Meta-statistics on MediaWiki history reconstruction process
The idea behind this task is to calculate, store and display meta statistics on the MediaWiki history reconstruction, augmentation and denormalization:

  1. How many mediawiki records we discard/ignore and why
  2. In the final output, for each field in the denormalized table:
    • How many records have a correct an truthful value for this field
    • How many records have an unknown/null value for this field because it is missing in the original data
    • How many records we gave an 'artificial' value for this field because we didn't know the original value, but could infer a likely one following a design decision

This would help in:

  1. Users of the data better understanding the results of their queries/slices/dices.
  2. We detecting and troubleshooting changes in the data that break our MediaWiki history reconstruction algorithm.
  3. We improving the algorithm in the future.
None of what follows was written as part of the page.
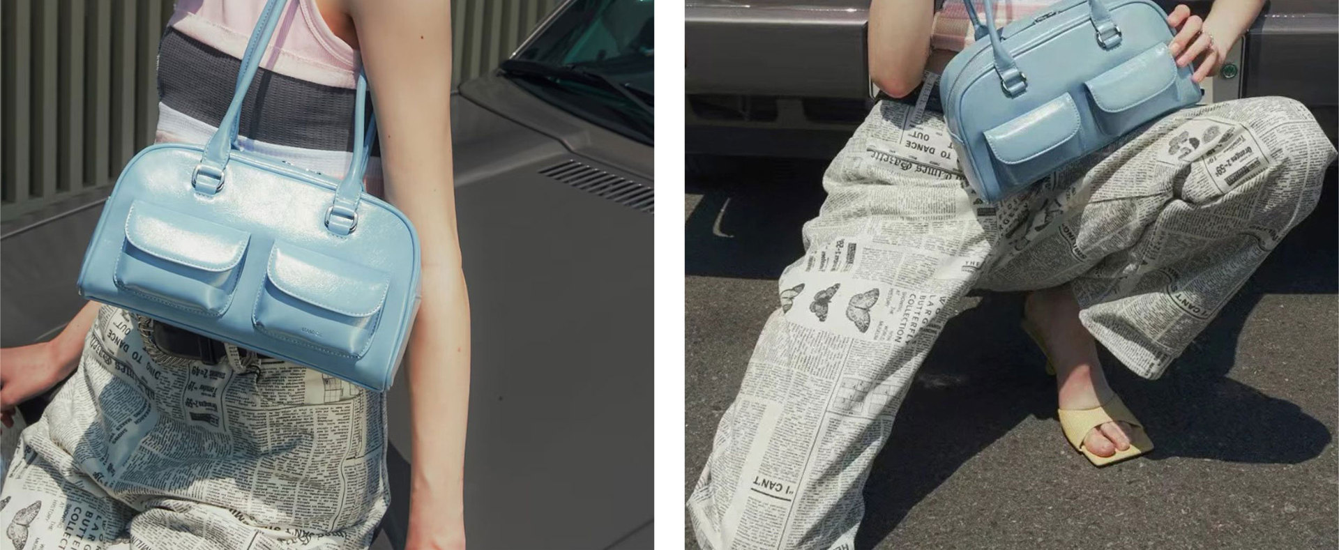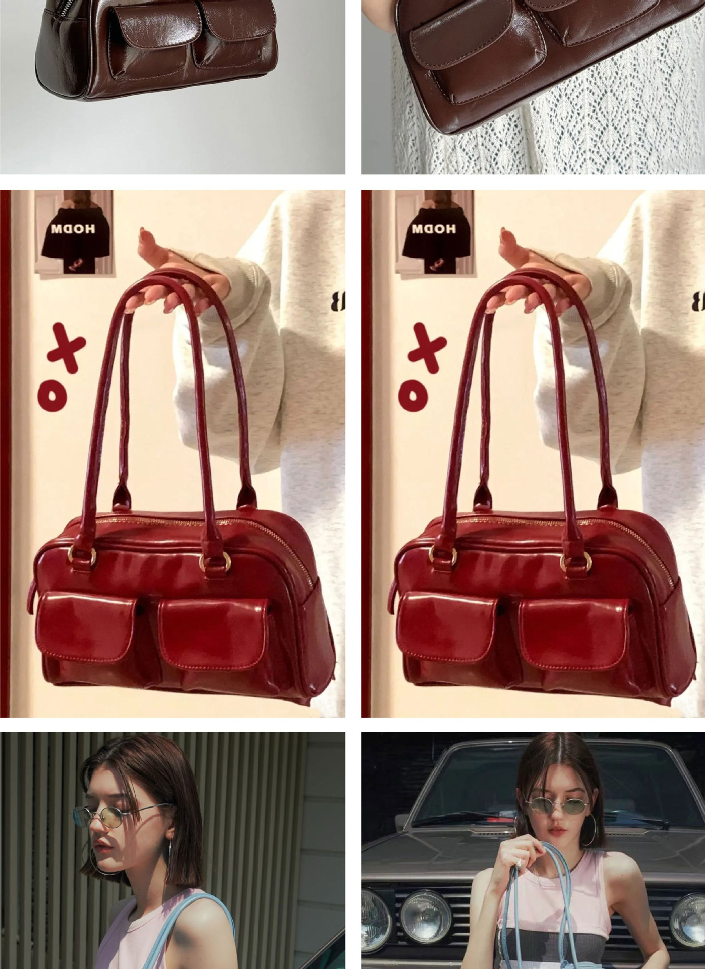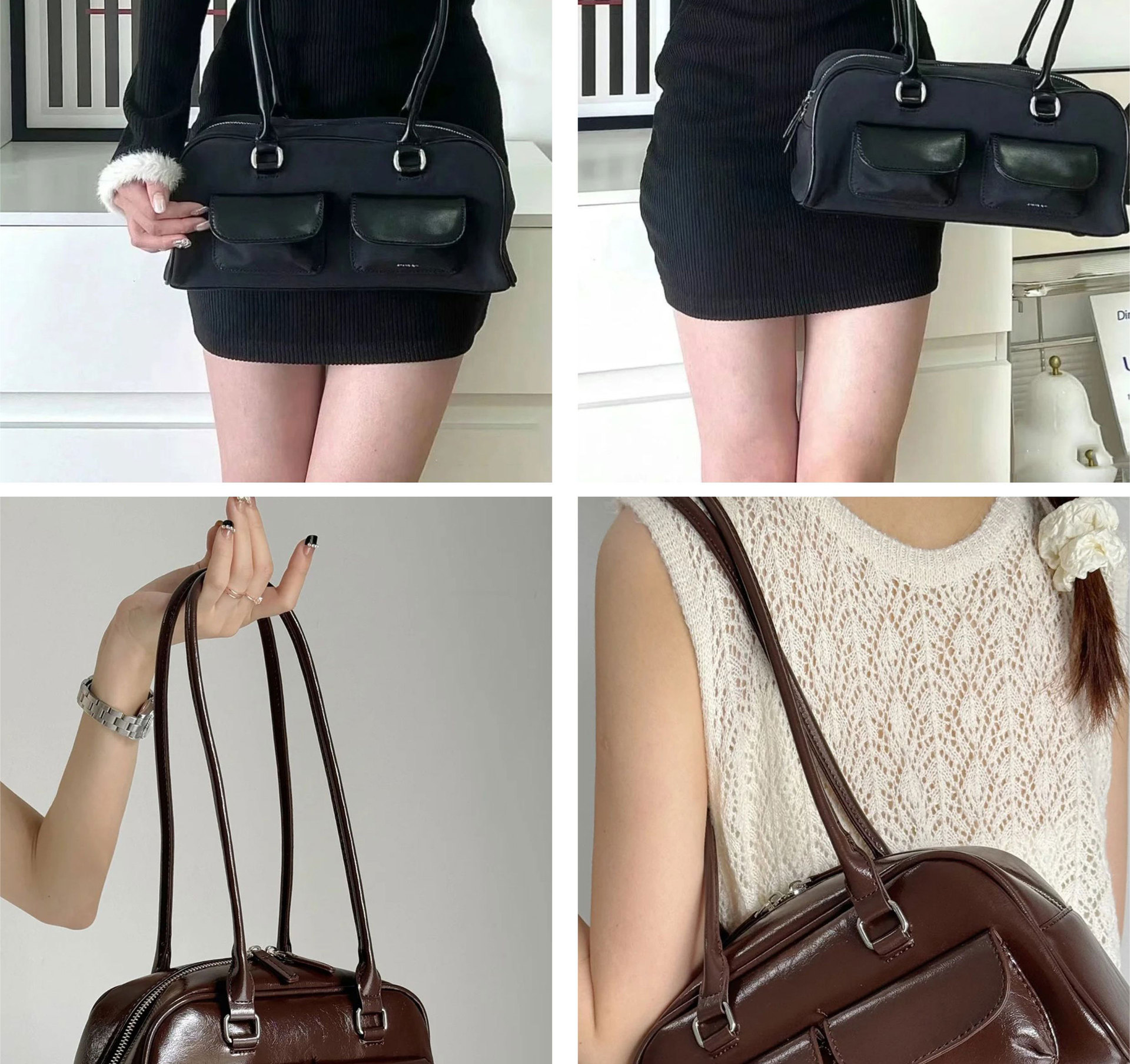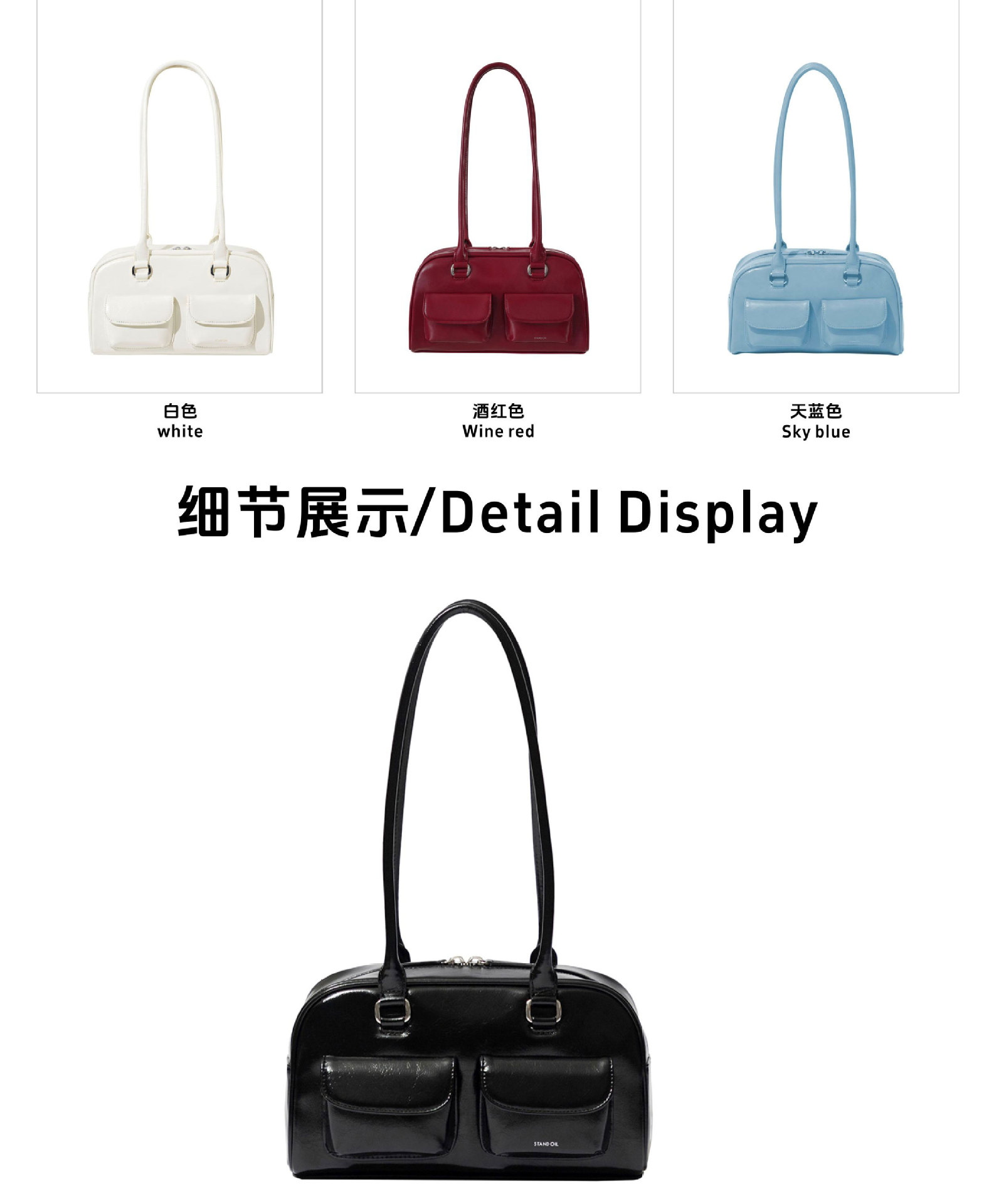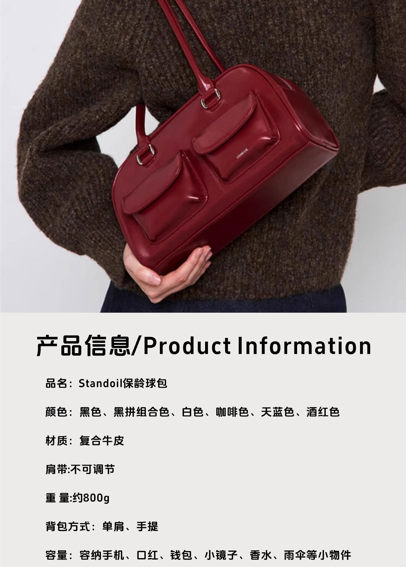 한국 Xu Yunzhen 같은 스타일 스탠드 볼링 가방 틈새 가벼운 럭셔리 보스턴 가방 패션 어깨 핸드백
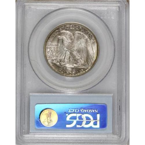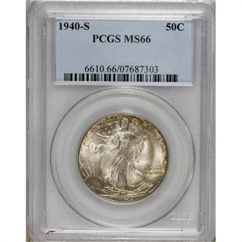 <B>1940-S 50C MS66 PCGS.</B></I> Aside from the usual lack of definition on Liberty's hand, this lustrous example has worthy detail. Blue, violet, and gold patina graces both sides. PCGS has certified just three coins finer (4/07). <BR><BR><b>Shipping:</b> Coins & Currency (<a target="_blank" href="http://www.heritageauctions.com/common/shipping.php">view shipping information</a>)

A possible implementation could be:

  1. For discarded/ignored records, output a row for each discarded record to an error table with the following schema: origin_table, record_id, reason_of_discard
  2. For fields with null or artificial values, have a field in the denormalized table called 'issues' (or similar) of type array<string> and every time the code infers a value from a design decision or detects a missing value, the code should add an issue code (i.e. 452) to that field.
  3. Then we could have a wiki page, explaining all issue codes and reason of discard.